* Action item
Check every line of the data and copy the ones where "voor" appears.

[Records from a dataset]
== Segment start ==
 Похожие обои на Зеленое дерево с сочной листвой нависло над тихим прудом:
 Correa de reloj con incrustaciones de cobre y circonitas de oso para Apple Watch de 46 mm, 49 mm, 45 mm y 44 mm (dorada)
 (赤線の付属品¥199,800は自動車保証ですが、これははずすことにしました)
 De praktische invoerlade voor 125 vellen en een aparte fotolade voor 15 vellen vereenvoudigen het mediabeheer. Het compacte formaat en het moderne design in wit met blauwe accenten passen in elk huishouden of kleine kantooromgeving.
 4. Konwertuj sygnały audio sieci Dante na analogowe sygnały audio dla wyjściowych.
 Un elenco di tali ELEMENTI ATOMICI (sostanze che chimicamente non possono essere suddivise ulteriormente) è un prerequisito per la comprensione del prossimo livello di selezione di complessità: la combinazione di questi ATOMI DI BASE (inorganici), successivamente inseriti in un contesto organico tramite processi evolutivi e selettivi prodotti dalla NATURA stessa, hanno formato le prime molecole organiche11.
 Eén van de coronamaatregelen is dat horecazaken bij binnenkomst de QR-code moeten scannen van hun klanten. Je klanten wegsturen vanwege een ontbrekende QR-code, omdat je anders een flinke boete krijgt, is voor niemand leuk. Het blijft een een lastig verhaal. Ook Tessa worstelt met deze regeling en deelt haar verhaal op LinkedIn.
== Segment end ==
== Segment start ==
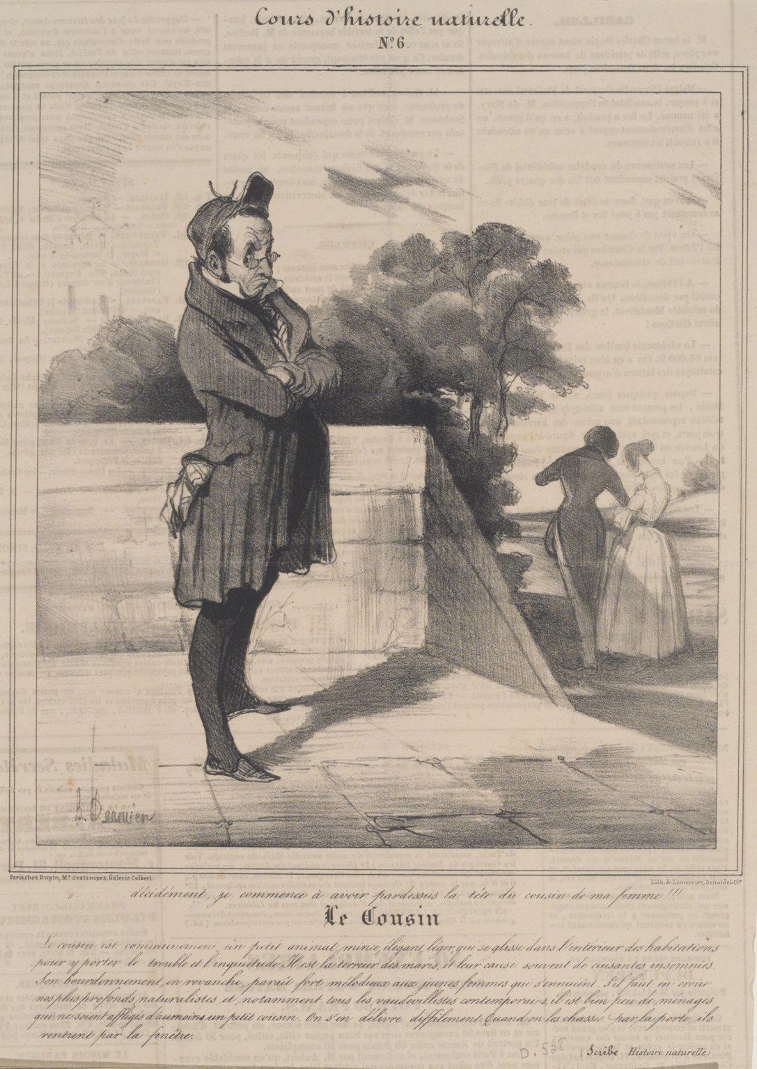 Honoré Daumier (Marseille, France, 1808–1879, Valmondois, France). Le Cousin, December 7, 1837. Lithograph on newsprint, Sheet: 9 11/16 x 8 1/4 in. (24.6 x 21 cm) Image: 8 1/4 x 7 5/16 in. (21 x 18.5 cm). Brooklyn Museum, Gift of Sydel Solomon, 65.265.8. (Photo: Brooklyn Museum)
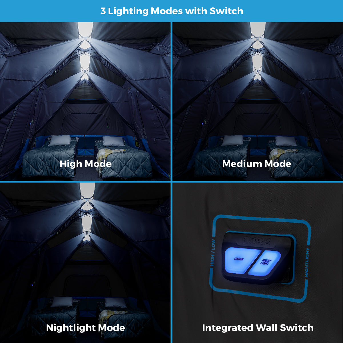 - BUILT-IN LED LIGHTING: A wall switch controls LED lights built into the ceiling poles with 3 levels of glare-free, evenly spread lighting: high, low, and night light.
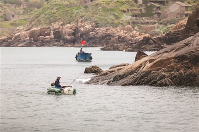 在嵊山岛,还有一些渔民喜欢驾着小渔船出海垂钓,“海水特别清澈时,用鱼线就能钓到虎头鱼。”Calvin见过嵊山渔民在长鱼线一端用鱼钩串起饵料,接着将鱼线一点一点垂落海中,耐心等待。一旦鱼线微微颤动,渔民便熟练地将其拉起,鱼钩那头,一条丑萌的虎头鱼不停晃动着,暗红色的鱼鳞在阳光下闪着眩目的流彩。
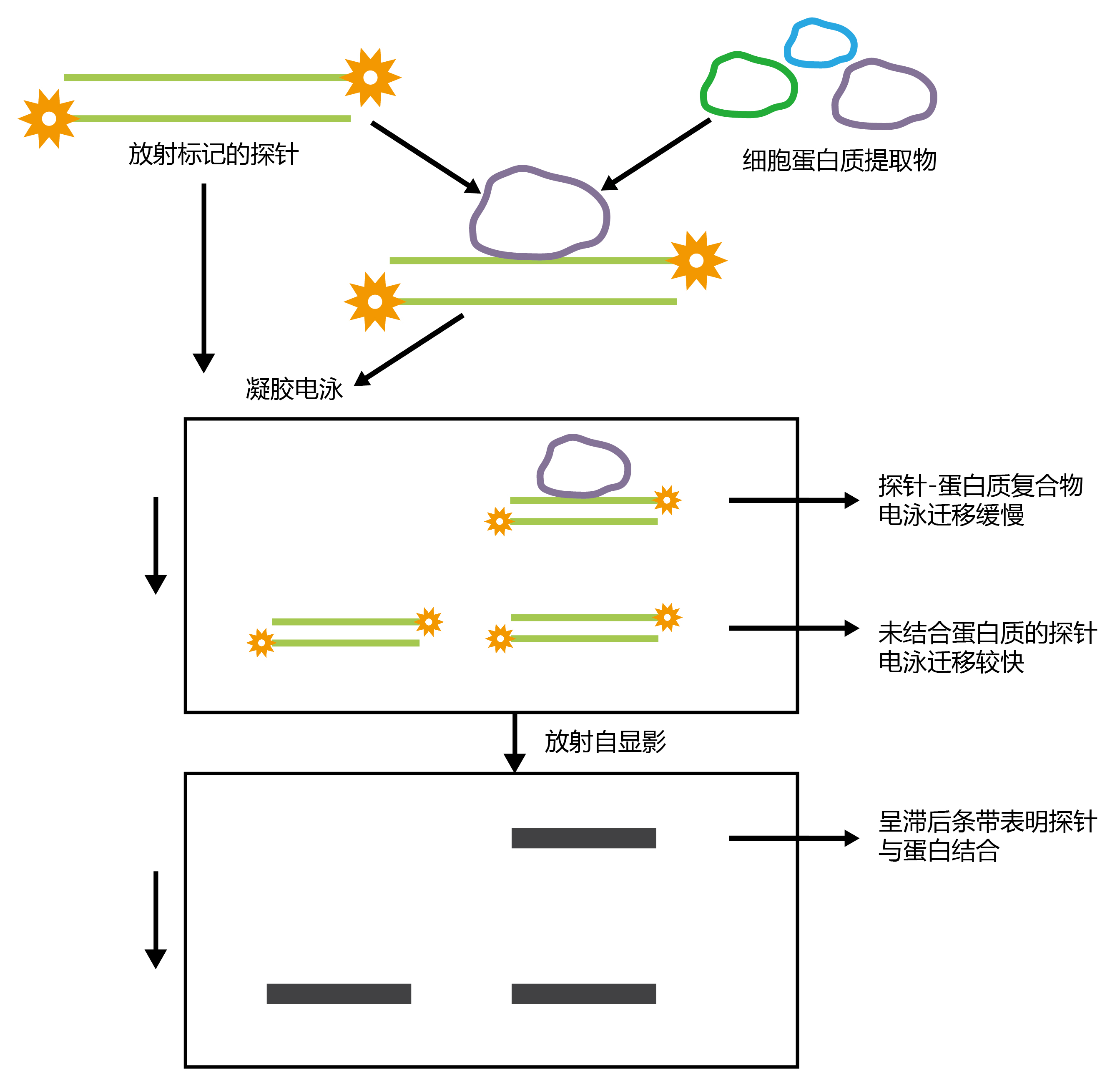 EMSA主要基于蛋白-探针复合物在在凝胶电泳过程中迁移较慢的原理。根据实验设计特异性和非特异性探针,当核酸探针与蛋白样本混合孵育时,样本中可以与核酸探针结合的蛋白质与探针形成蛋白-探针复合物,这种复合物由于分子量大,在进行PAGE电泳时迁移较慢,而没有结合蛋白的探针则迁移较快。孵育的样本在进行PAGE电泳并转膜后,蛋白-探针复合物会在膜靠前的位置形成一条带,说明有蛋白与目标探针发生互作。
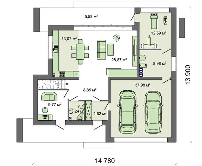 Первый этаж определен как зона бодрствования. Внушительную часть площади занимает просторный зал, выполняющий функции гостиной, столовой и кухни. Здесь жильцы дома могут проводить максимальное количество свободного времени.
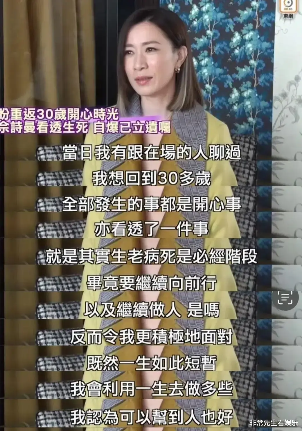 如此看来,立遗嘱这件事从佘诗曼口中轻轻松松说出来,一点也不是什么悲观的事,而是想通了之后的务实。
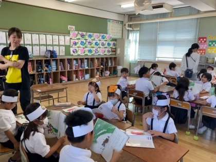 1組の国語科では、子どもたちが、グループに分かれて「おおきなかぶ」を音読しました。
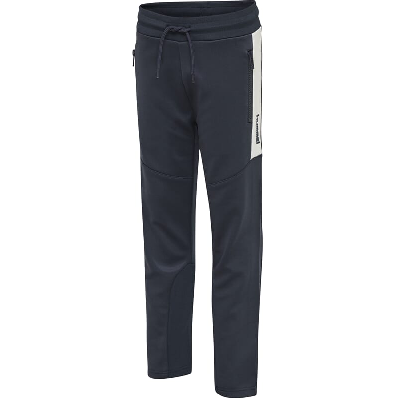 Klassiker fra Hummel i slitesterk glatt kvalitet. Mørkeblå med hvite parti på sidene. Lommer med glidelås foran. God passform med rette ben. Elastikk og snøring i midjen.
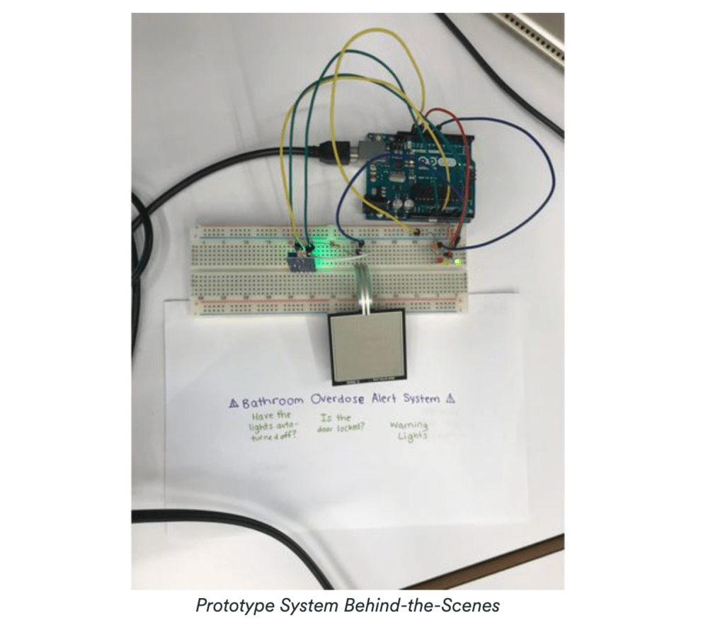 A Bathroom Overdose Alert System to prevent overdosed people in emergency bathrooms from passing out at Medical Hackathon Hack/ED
== Segment end ==
* Your response
 De praktische invoerlade voor 125 vellen en een aparte fotolade voor 15 vellen vereenvoudigen het mediabeheer. Het compacte formaat en het moderne design in wit met blauwe accenten passen in elk huishouden of kleine kantooromgeving.
 Eén van de coronamaatregelen is dat horecazaken bij binnenkomst de QR-code moeten scannen van hun klanten. Je klanten wegsturen vanwege een ontbrekende QR-code, omdat je anders een flinke boete krijgt, is voor niemand leuk. Het blijft een een lastig verhaal. Ook Tessa worstelt met deze regeling en deelt haar verhaal op LinkedIn.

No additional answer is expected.